HolderShares Beneficially OwnedClass% of Class% of Total Voting Power
Andrew P. Glaze124,020As converted to Class A equivalent per footnote methodology**
Record date for ownership table: June 18, 2025. “*” denotes less than 1%.

Governance Assessment

  • Positives:
    • Independent director with strong investment and capital markets background; independent Board Chair facilitates executive sessions.
    • Meets independence standards; Board/committees achieved at least 75% attendance; full director attendance at 2024 annual meeting.
    • Owns 124,020 shares, aligning interests with shareholders.
  • Watchpoints/RED FLAGS:
    • Controlled-company structure concentrates voting power (~89.5%) with SG Broadcasting (Standard General), reducing certain Nasdaq independence requirements.

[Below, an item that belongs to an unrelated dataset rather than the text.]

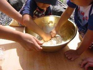 *1kgの粉全てを1つのボールでこねる方法もあるが、仕上がりにくいことと参加できる子どもの数が減る。

    • Related-party transactions exist with entities affiliated to the controlling shareholder (e.g., Employee Leasing Agreement with Standard Media Group LLC).
    • Single-member DEI Committee (Mr. Glaze) centralizes oversight to one director; consider multi-member composition for broader oversight.
    • Director cash compensation predominated in 2024 (no equity grants), though reduced retainer portions are expected to be paid in Class A shares upon future equity plan approval (potentially improving alignment once issued).
  • Policies mitigating risk: Insider trading policy with blackout restrictions; equity plan prohibits repricing without shareholder approval and includes clawback provisions.